Movie school is now in session. While driving the girls to school a few weeks ago, Jan somehow got into a conversation about how movies get made. This somehow turned into a conversation about, “Here’s a movie we could make”, and finally ended up becoming, “Let’s make a movie!” The girls’ friend Kaila was brought on board as well. Now most morning carpool drives are spent talking about this movie.
This afternoon we finally kick things off towards actually making a short movie. (Very short: The goal is something one minute long or less.) Jan starts by having the girls watch the beginning of a favorite movie and actually try to see how its constructed from scenes, shots, and cuts. Jan counts out the shots as each cut goes by, and rather quickly the girls begin to perceive the shots as discrete pieces of the movie rather than a seamless whole.
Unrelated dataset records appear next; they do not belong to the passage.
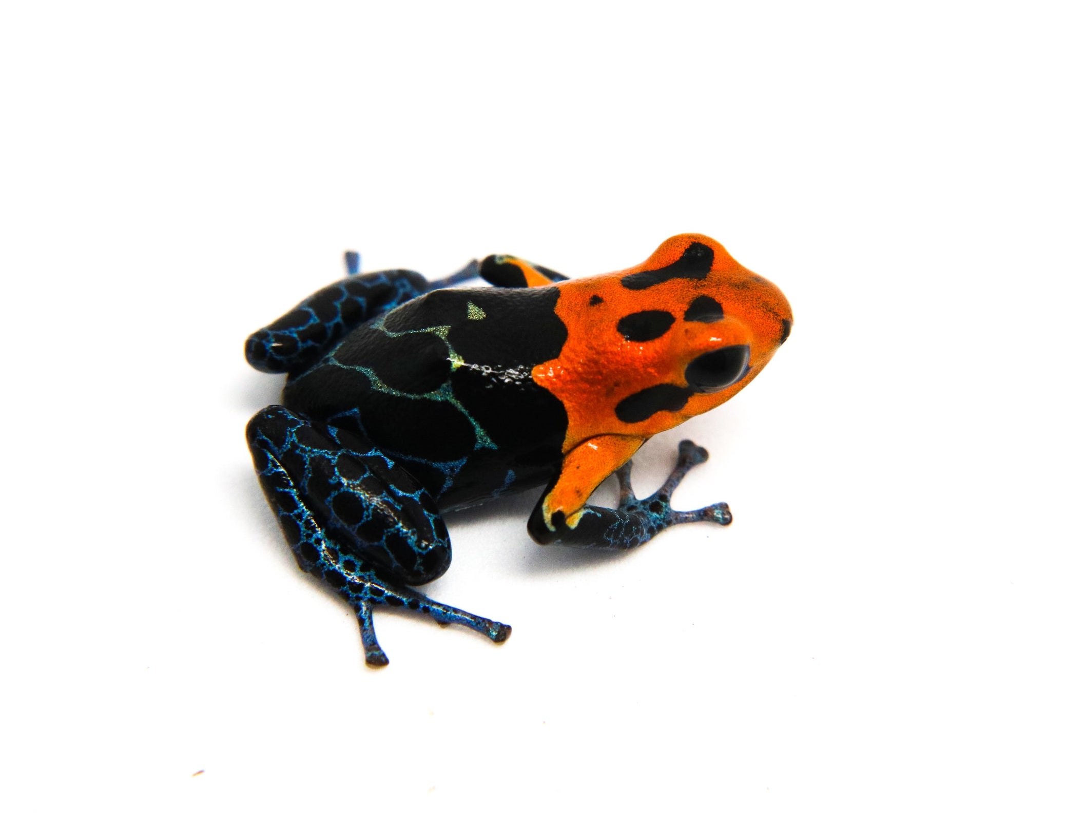 Ranitomeya fantastica "Varadero" is a semi-terrestrial species that inhabits the lowlands near Yurimaguas into the slopes in Peru. They do decently in groups, but males can get aggressive. R. fantastica usually lay 3 to 6 eggs in leaf litter, horizontal film canisters, or bromeliads. Tadpoles can be pulled or left to be raised by adults, but may cannibalize if left with other tadpoles in proximity with less-than-adequate food. Egg eating may occur from rival females, and wrestling will often occur between same-sex frogs. No more than a pair should go in a 10 gallon tank or a 12 x 12 x 18 ExoTerra tank, but we recommend larger enclosures due to their speed. Please contact us with further questions.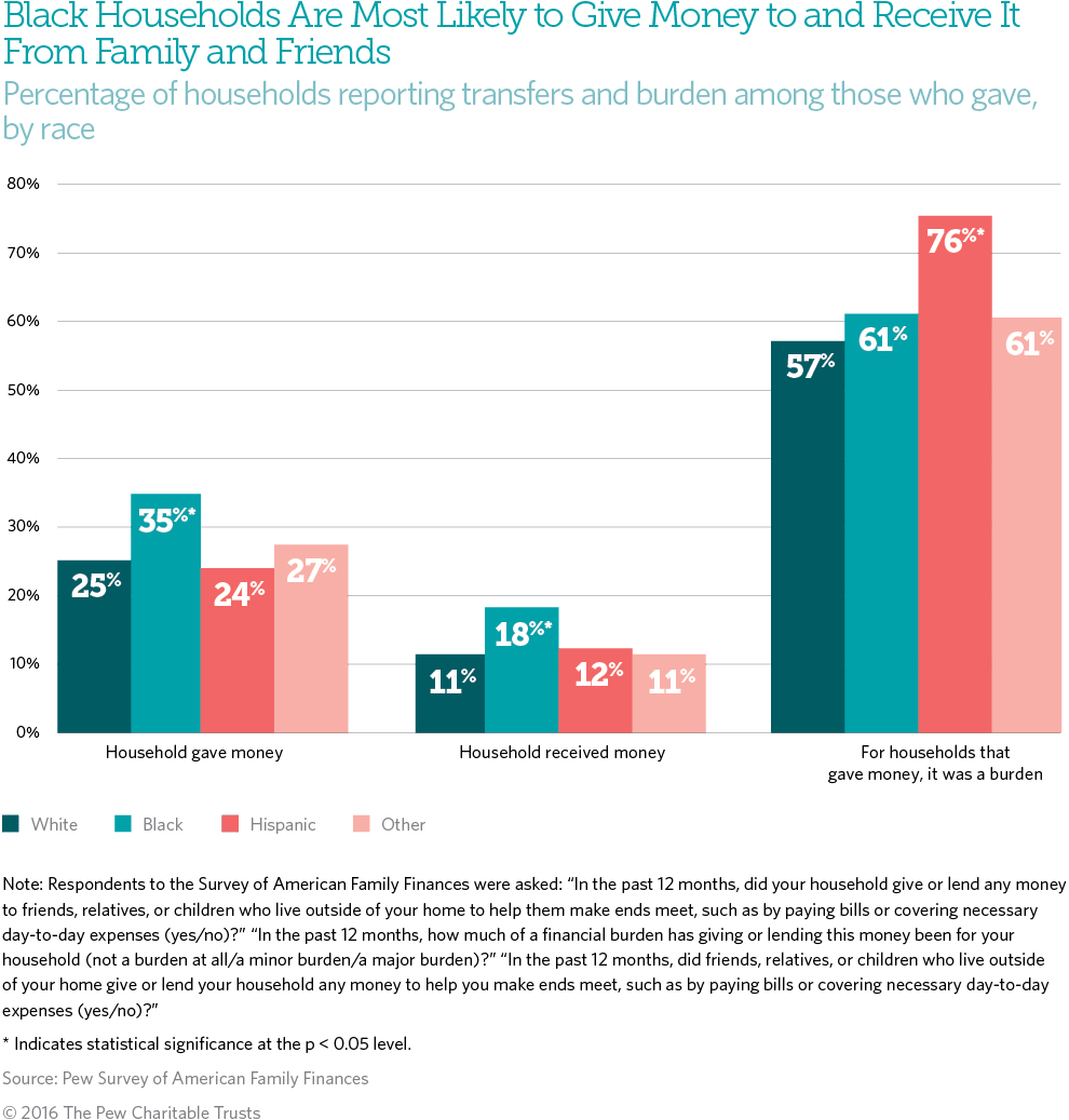 Black households were significantly more likely to provide assistance to those outside their immediate family (35 percent) than were white (25 percent), Hispanic (24 percent), or other households (27 percent).6 The frequency of transfers across black households is quite high: One-quarter reported giving money to a friend or relative more than once in the past year. Black households also report receiving help (18 percent) more than other households (11 percent).7 However, black households did not report the greatest burden with respect to giving or lending money. Rather, it was Hispanic households, among whom three-quarters of those who gave help felt burdened by doing so.8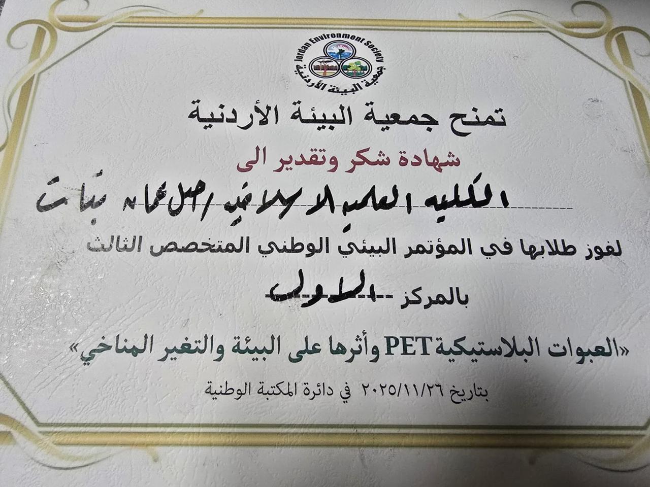 وجاء هذا الإنجاز عن البحث البيئي الذي قدّمته طالبات الصف العاشر لين طوير، ألمى مصطفى، ونتالي الدبوبي، تحت شعار أثر العبوات البلاستيكية على البيئة والتغير المناخي (PET).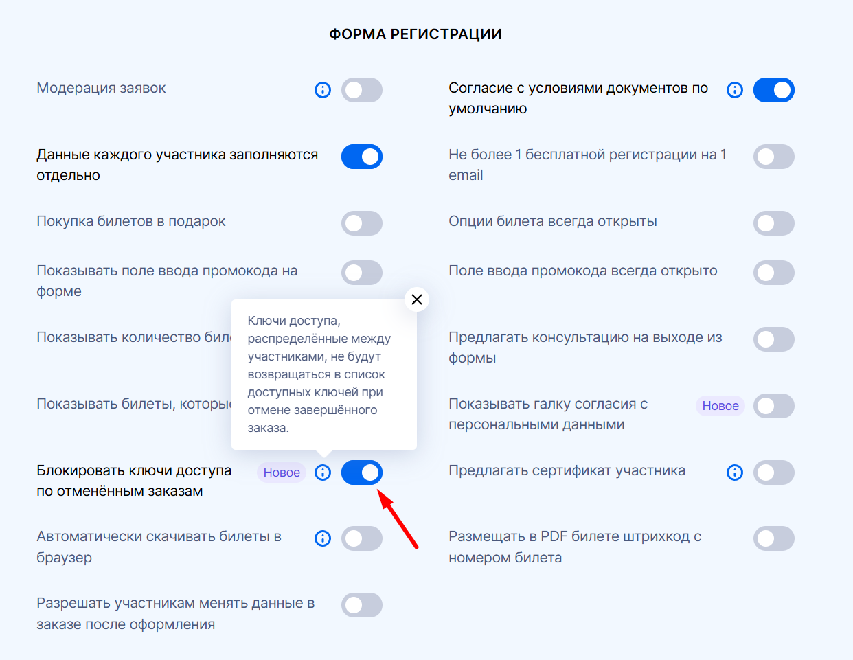 Также вы можете зашить индивидуальный ключ в QR-код, который отображается в билете. Для этого оплатите услугу скрытия копирайта. После перейдите в настройки события, раздел Регистрация и билеты и установите переключатель Содержимое QR-кода на пункт Персональный ключ доступа.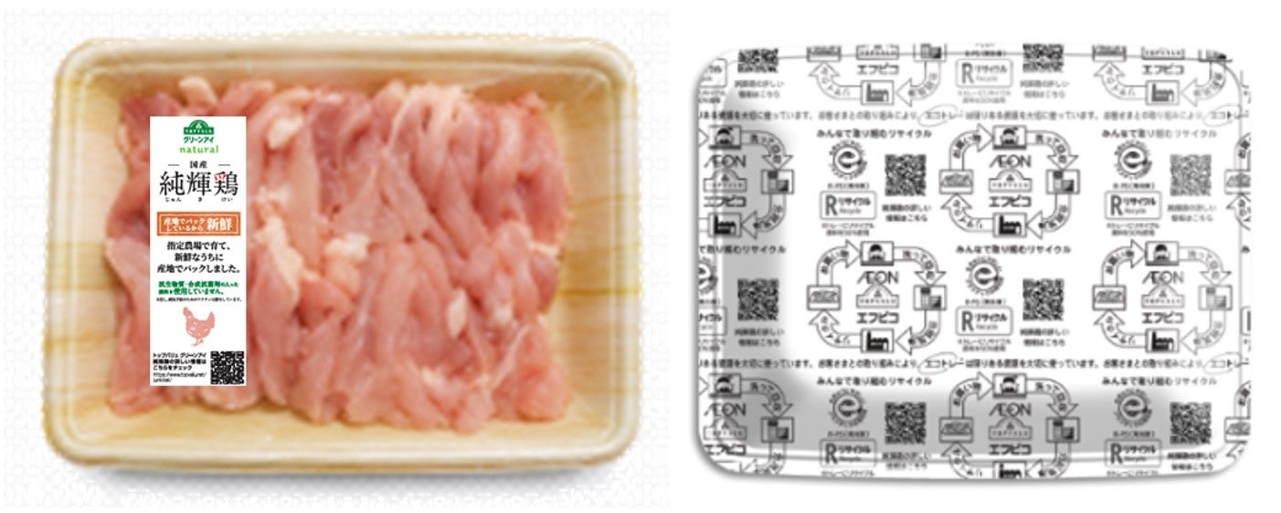 このフェアにおいて、エフピコはイオンと協力し、リサイクルの取り組みをわかりやすく表現した限定デザインのトレーを流通させています。このトレーは、イオンの店頭で回収された使用済み食品トレーをエフピコが容器包材メーカーとしてリサイクルし、再び商品のトレーとして使用するものです。イオンは、この限定トレーをトップバリュ グリーンアイ ナチュラル純輝鶏(じゅんきけい)の販売に使用しています。
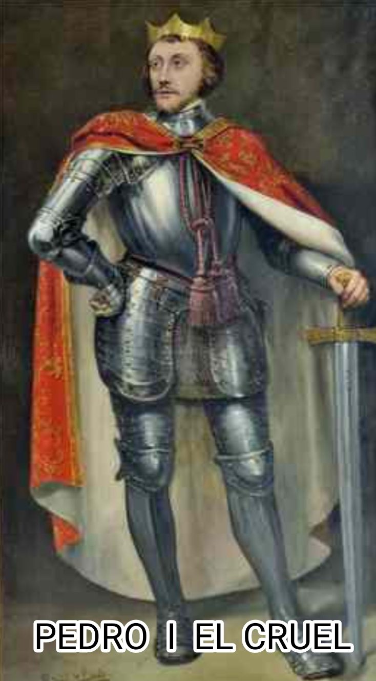 PEDRO I EL CRUEL :Pedro I de Castilla, llamado en la posterioridad «el Cruel» por sus rivales de la casa de Trastámara y los nobles castellanos, que veían menguar sus privilegios durante su reinado, y «el Justo» o «el Justiciero» por sus partidarios, fue rey de Castilla desde el 26 de marzo de 1350 hasta su asesinato.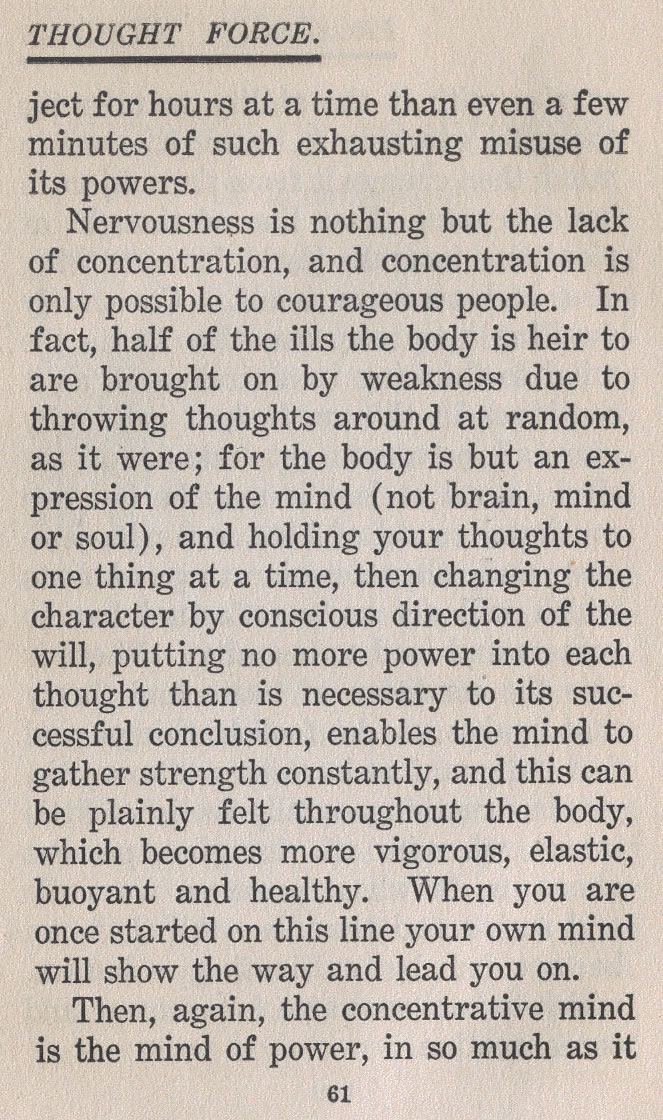 Nervousness is nothing but the lack of concentration, and concentration is only possible to courageous people. In fact, half of the ills the body is heir to are brought on by weakness due to throwing thoughts around at random, as it were; for the body is but an expression of the mind (not brain, mind or soul), and holding your thoughts to one thing at a time, then changing the character by conscious direction of the will, putting no more power into each thought than is necessary to its successful conclusion, enables the mind to gather strength constantly, and this can be plainly felt throughout the body, which becomes more vigorous, elastic, buoyant and healthy. When you are once started on this line your own mind will show the way and lead you on.

From there we spend some time refining the story outline we’ve endlessly rehashed on carpool drives. With the basic story in place, Jan shows the girls a bit about drawing storyboards (with some real examples pulled up online). The girls happily dive into the task of storyboarding different bits of the movie.
Finally we end up with a screen test. Thus far none of the girls has actually claimed to want to take the lead (and only significant) role: a girl character currently named Lily. We decide to shoot each of the three girls saying a bit of dialogue from the movie so we can see how each looks and sounds on screen. Kaila comes out surprisingly strong, with Liya also quite good. Anya’s portrayal of Lily somehow comes across as permanently annoyed.
We’re still not sure who’s going to take the lead, but all three girls are enjoying themselves so far. We’ll see if we can finish this up by the end of school, now just a little over two months away. We have many more weekends of work ahead of us.
Jan takes Angela with him to shop for reading glasses. A while back Jan had an eye exam, and the optometrist said, “Did you know you’re really farsighted?” Um, nope, didn’t know that. Jan had previously thought his eyes were pretty sharp, but 20/15 vision just wasn’t impressing the optometrist–at close distances, those eyes still can’t focus without a lot of eyestrain. And it’s getting worse.
Last month Jan saw the optometrist for a second time, at which the optometrist finally prescribed reading glasses. To compensate for the undeniable reality of aging, Jan decides to get some nice ones, and takes Angela shopping with him at lunchtime to pick some out.
When Angela first sees Jan try out a pair of glasses, she bursts out laughing. Angela claims she’s just surprised to see the difference a pair of glasses makes. Hmpf. This is not making aging any easier.